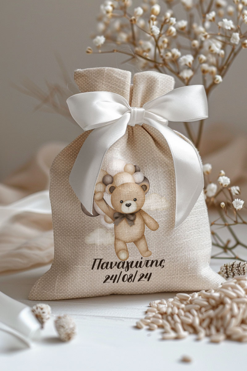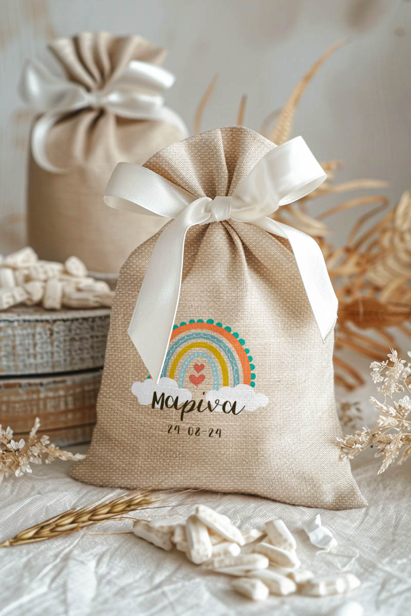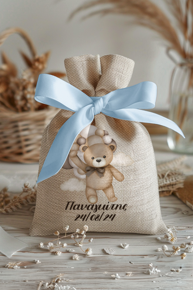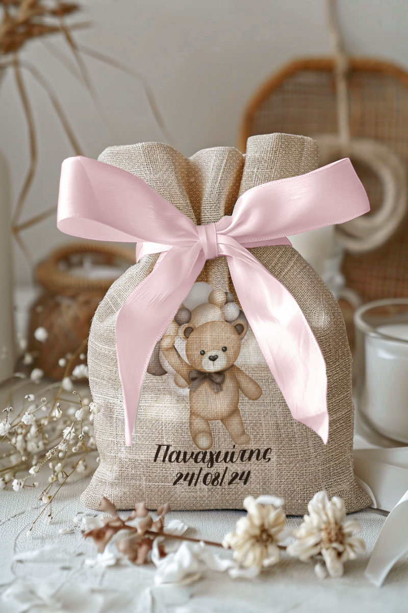 1.59€Μοντέρνες και Πρωτότυπες Μπομπονιέρες Βάπτισης με Πουγκί από Καμβά | Σετ Πουγκί, Εσωτερικό Τούλι & Κορδέλα Σατέν | Premium ποιότητα
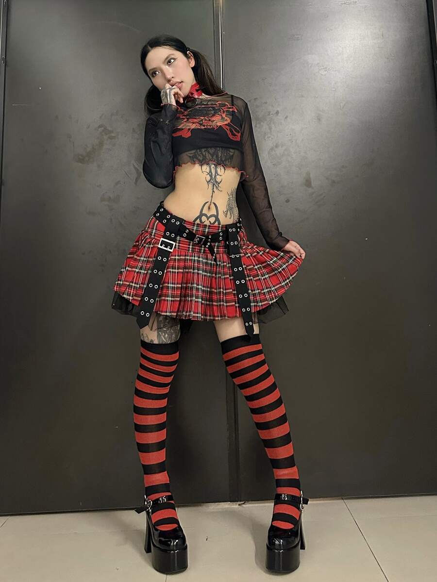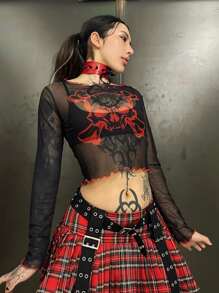 Anime Top estampado de cráneo ribete en forma de lechuga de malla
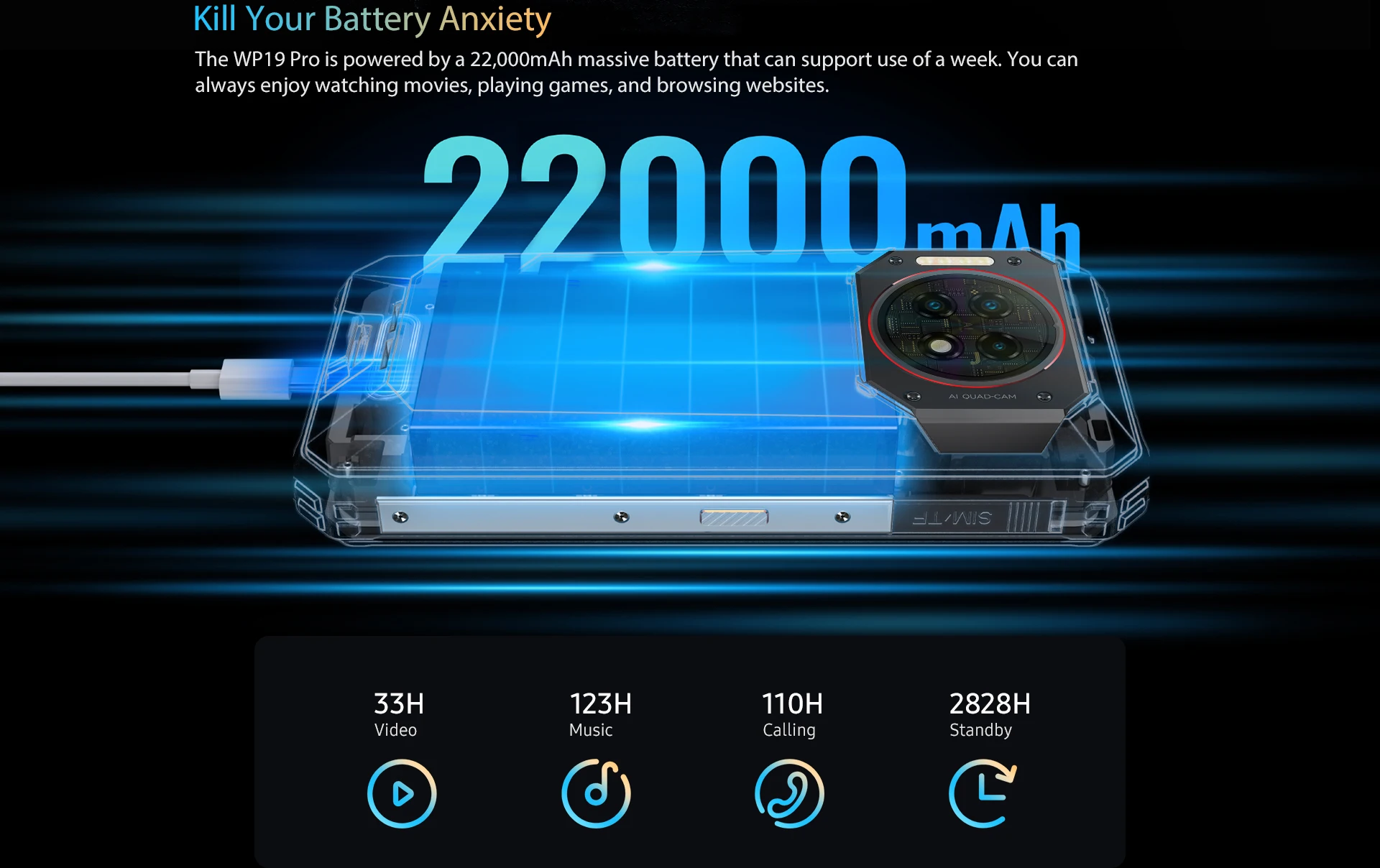The WP19 Pro is powered by a 22,000mAh massive battery that can support use of a week. You can always enjoy watching movies, playing games, and browsing websites.

Problem. Output exactly the lines from the one that has "Anime Top estampado" through the end of the data. Do not include pictures.

Answer space.
 Anime Top estampado de cráneo ribete en forma de lechuga de malla
The WP19 Pro is powered by a 22,000mAh massive battery that can support use of a week. You can always enjoy watching movies, playing games, and browsing websites.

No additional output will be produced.